_INSTRUCTIONS FOR THE TASK_
Exact copy, no pictures: every line from the one that contains "그리고 전국 지역별 수급자수와" through the end of the data below, and nothing else.

_DATA_
----------

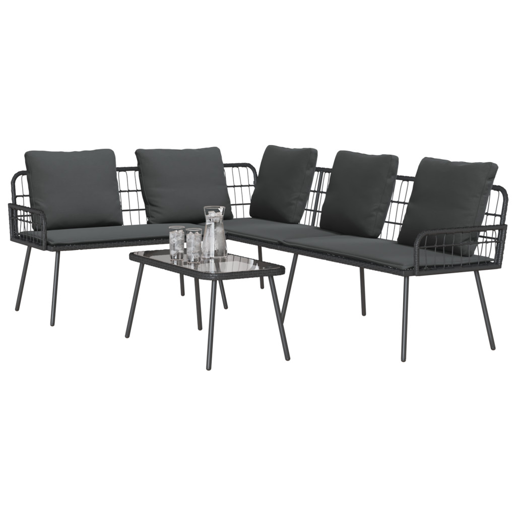 2 darabos kertiszekrénysor párnákkal fekete polyrattán
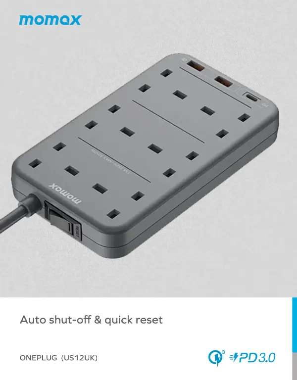 US12UK is a 6-outlet power strip with 2 QC 3.0 USB ports and 1 PD3.0 USB-C port. It provides high speed charging performance and enable fast charging for your devices. The dual-rows design can help you save space at your home. It can offer stable and fast power output for up to 9 devices at the same time.
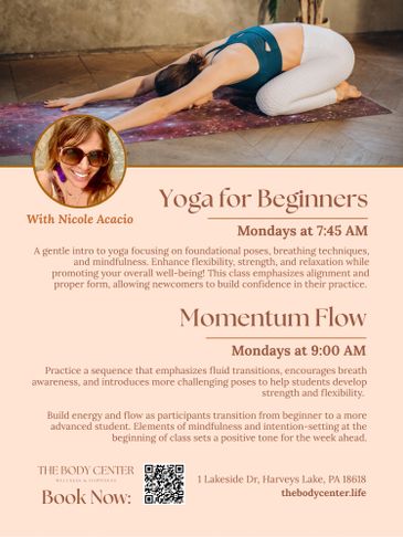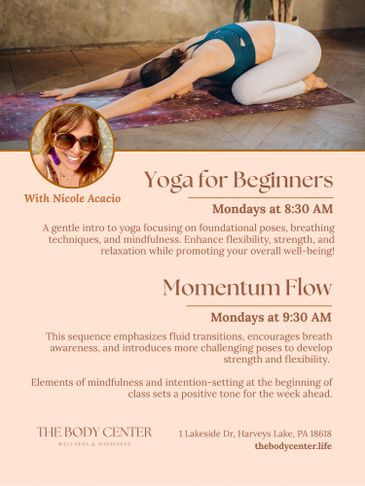 Find your flow and fuel your wellness with our diverse weekly class offerings at The Body Center. From energizing yoga flows and grounding meditation to core-strengthening sessions and restorative practices, there’s something for every body and every level.
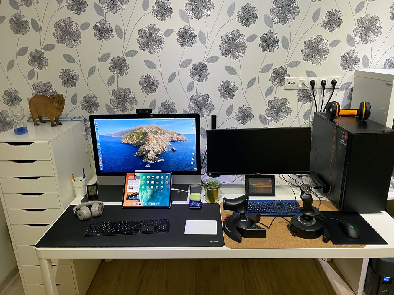Это компьютер для игр. Как можно заметить, в последнее время он используется для авиасимуляторов. Системный блок на столе — это ужасно, но зато так к нему удобно подключать шлем виртуальной реальности, чтобы играть возле стола.
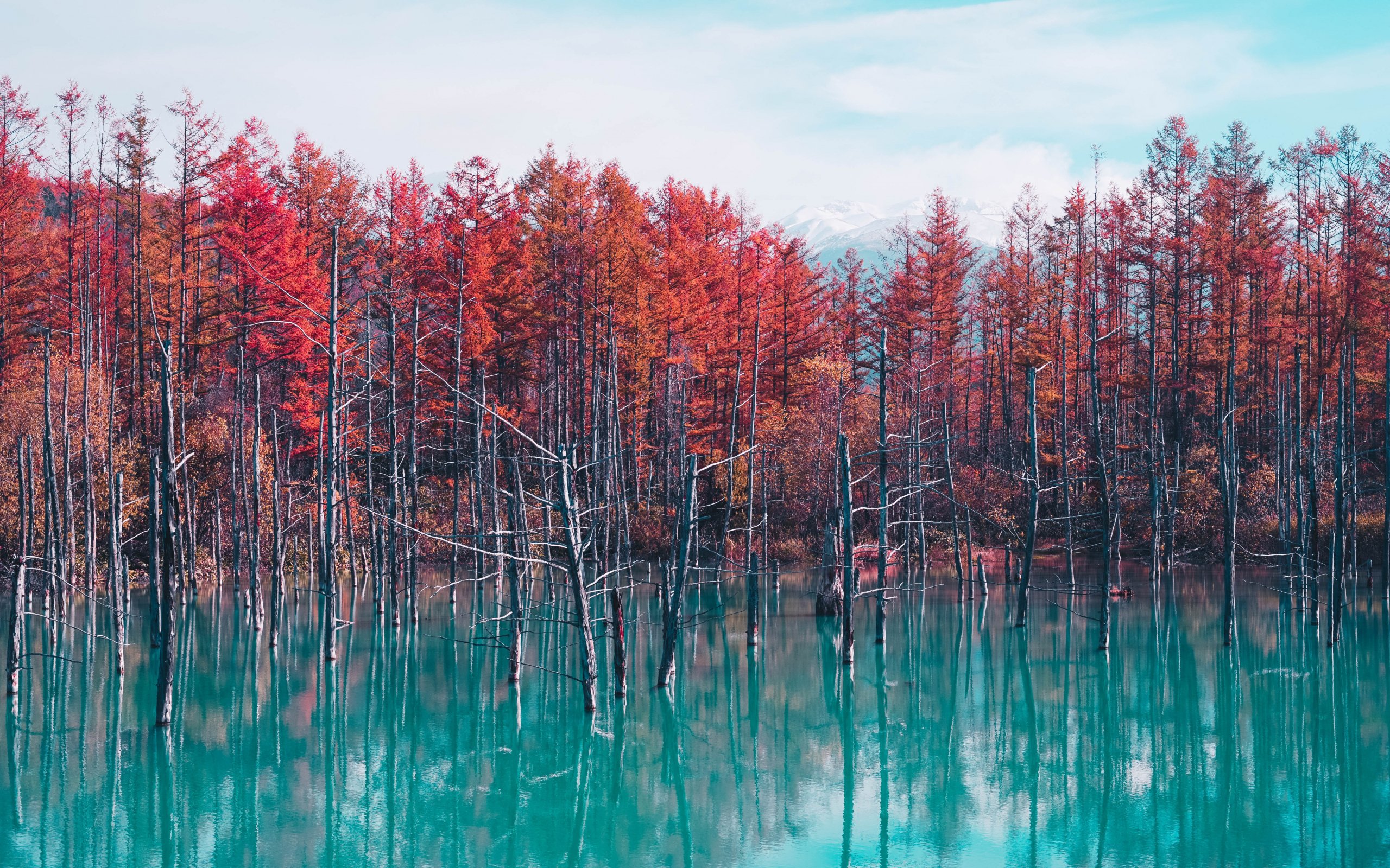 Обои: озеро, лес, красный - 2560x1600
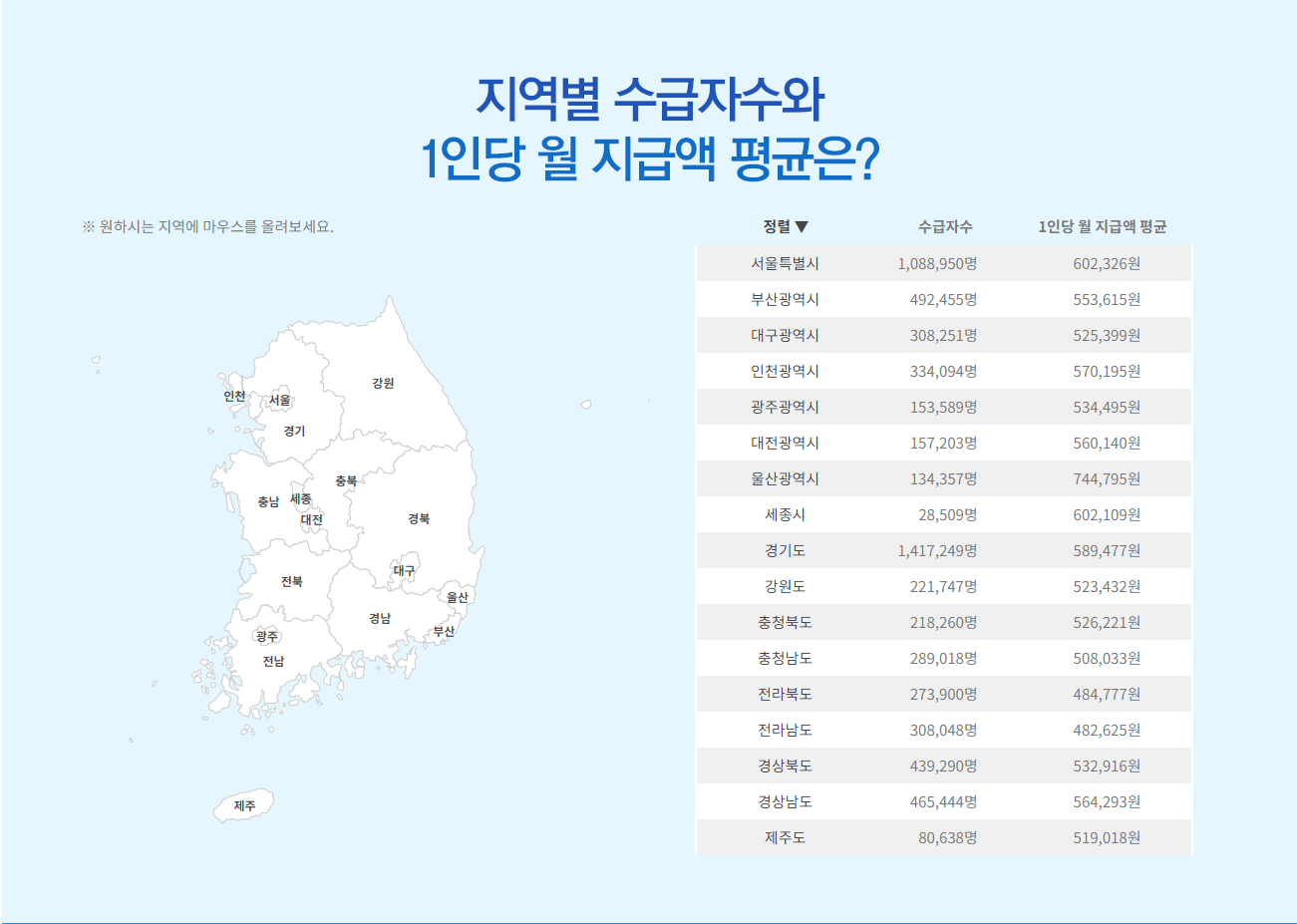 그리고 전국 지역별 수급자수와 1인당 월평균 국민연금 지급액도 알아보시기 바랍니다.
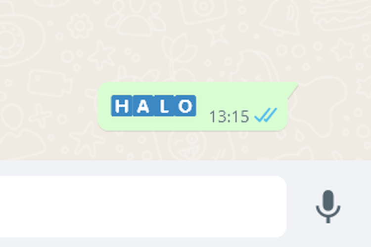 Pengguna nantinya juga bisa memakai tulisan biru di WhatsApp untuk menguatkan pesan pada kata-kata tertentu. Adapun contoh tulisan biru di WhatsApp adalah sebagaimana yang tertera pada gambar di bawah ini.

----------

_FINAL ANSWER_
 그리고 전국 지역별 수급자수와 1인당 월평균 국민연금 지급액도 알아보시기 바랍니다.
 Pengguna nantinya juga bisa memakai tulisan biru di WhatsApp untuk menguatkan pesan pada kata-kata tertentu. Adapun contoh tulisan biru di WhatsApp adalah sebagaimana yang tertera pada gambar di bawah ini.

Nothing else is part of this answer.